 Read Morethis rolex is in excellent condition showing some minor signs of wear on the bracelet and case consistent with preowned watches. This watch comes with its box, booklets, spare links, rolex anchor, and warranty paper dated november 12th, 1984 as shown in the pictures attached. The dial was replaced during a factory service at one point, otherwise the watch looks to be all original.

...

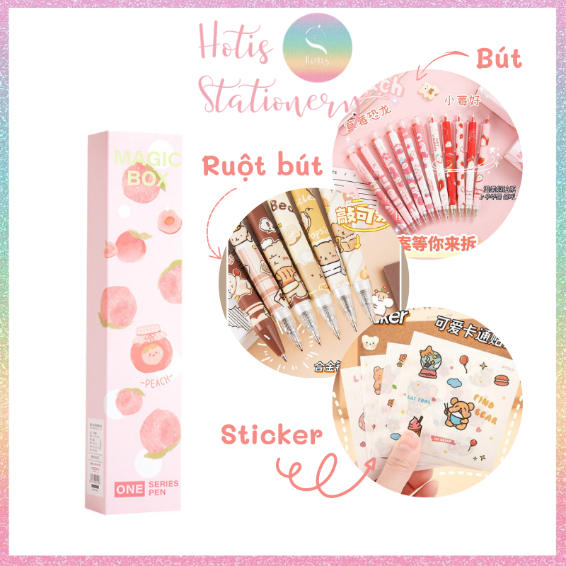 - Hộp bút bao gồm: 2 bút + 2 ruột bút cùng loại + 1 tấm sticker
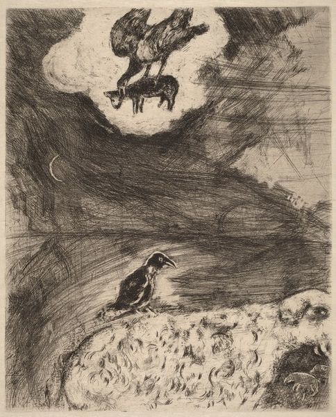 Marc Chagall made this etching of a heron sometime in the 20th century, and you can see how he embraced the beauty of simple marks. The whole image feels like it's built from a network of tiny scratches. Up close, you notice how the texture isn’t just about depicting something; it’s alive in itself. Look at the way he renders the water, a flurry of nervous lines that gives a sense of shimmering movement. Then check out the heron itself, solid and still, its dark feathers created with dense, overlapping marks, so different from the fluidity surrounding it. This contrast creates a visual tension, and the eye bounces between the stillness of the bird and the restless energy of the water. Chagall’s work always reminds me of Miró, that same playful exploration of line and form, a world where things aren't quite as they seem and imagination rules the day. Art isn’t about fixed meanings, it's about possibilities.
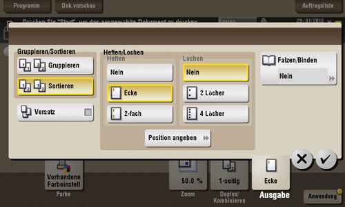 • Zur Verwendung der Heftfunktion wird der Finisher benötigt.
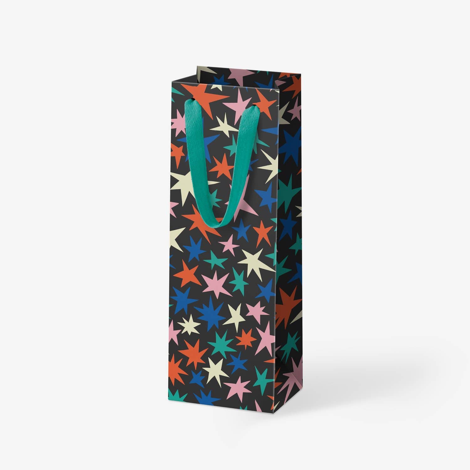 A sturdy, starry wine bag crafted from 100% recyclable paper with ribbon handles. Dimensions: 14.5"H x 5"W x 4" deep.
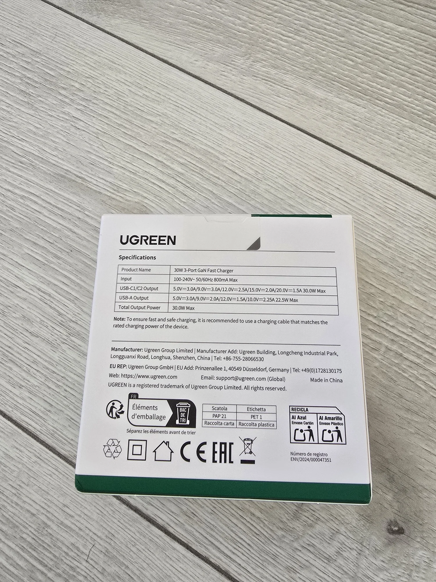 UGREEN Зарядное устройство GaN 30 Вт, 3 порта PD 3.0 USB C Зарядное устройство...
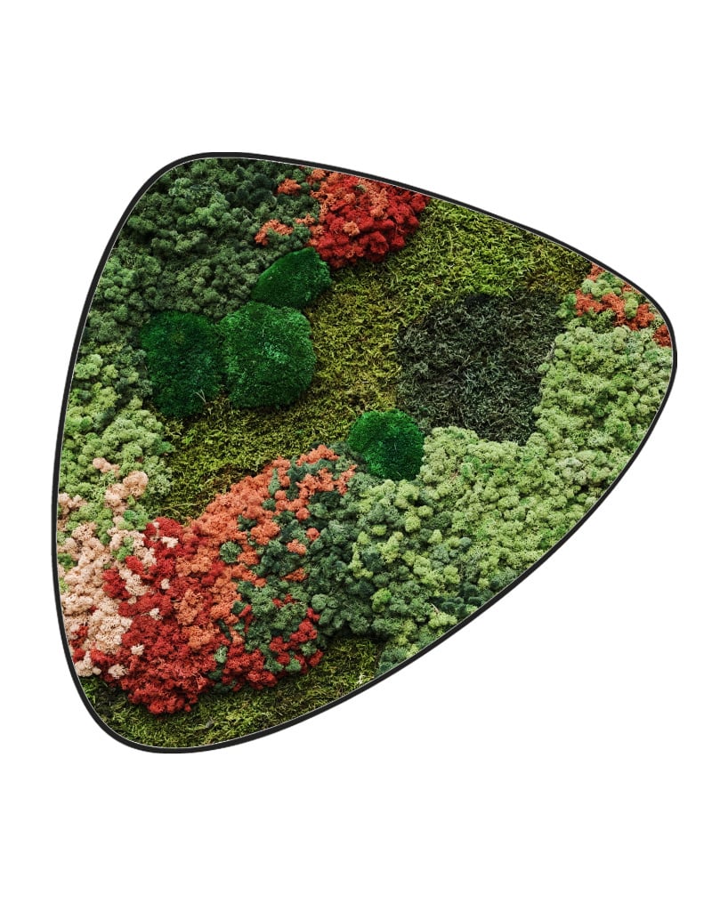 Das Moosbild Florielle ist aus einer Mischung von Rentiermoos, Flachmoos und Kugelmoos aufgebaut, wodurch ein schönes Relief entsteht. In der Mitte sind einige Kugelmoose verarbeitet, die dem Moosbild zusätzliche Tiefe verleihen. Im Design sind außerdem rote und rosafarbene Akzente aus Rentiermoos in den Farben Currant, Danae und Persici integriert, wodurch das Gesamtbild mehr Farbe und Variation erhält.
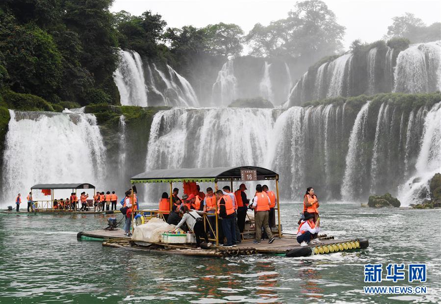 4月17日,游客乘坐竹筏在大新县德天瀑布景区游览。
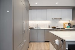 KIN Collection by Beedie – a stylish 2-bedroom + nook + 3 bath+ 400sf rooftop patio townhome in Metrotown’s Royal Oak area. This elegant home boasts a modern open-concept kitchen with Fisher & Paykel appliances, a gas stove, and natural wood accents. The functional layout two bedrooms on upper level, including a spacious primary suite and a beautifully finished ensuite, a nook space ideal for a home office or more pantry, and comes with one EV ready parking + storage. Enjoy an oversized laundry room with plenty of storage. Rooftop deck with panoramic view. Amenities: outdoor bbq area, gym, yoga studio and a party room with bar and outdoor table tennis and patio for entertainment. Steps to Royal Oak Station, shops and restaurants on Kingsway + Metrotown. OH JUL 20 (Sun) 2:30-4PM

...

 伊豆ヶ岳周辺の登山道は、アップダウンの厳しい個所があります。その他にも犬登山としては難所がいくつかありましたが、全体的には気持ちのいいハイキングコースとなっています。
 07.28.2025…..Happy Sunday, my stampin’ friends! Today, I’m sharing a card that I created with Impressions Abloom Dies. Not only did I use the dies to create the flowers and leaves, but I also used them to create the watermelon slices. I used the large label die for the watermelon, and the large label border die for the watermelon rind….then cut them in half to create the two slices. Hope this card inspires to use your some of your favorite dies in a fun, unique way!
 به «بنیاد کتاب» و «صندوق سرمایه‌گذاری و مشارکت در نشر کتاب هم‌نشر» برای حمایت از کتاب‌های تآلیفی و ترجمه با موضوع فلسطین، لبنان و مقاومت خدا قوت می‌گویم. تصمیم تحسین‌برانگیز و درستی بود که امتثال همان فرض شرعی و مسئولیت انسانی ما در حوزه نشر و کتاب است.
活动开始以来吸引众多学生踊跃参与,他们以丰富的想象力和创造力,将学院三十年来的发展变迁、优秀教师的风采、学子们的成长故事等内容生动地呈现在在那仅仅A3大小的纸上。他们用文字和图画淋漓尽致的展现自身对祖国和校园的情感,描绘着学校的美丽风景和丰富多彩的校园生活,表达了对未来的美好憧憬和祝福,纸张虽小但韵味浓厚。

Work order – Pictures do not belong in the answer. Return the lines above starting at the one with "Das Moosbild Florielle" and ending at the one with "4月17日,游客乘坐竹筏在大新县德天瀑布景区游览。", both kept, exactly.

Written answer –
 Das Moosbild Florielle ist aus einer Mischung von Rentiermoos, Flachmoos und Kugelmoos aufgebaut, wodurch ein schönes Relief entsteht. In der Mitte sind einige Kugelmoose verarbeitet, die dem Moosbild zusätzliche Tiefe verleihen. Im Design sind außerdem rote und rosafarbene Akzente aus Rentiermoos in den Farben Currant, Danae und Persici integriert, wodurch das Gesamtbild mehr Farbe und Variation erhält.
 4月17日,游客乘坐竹筏在大新县德天瀑布景区游览。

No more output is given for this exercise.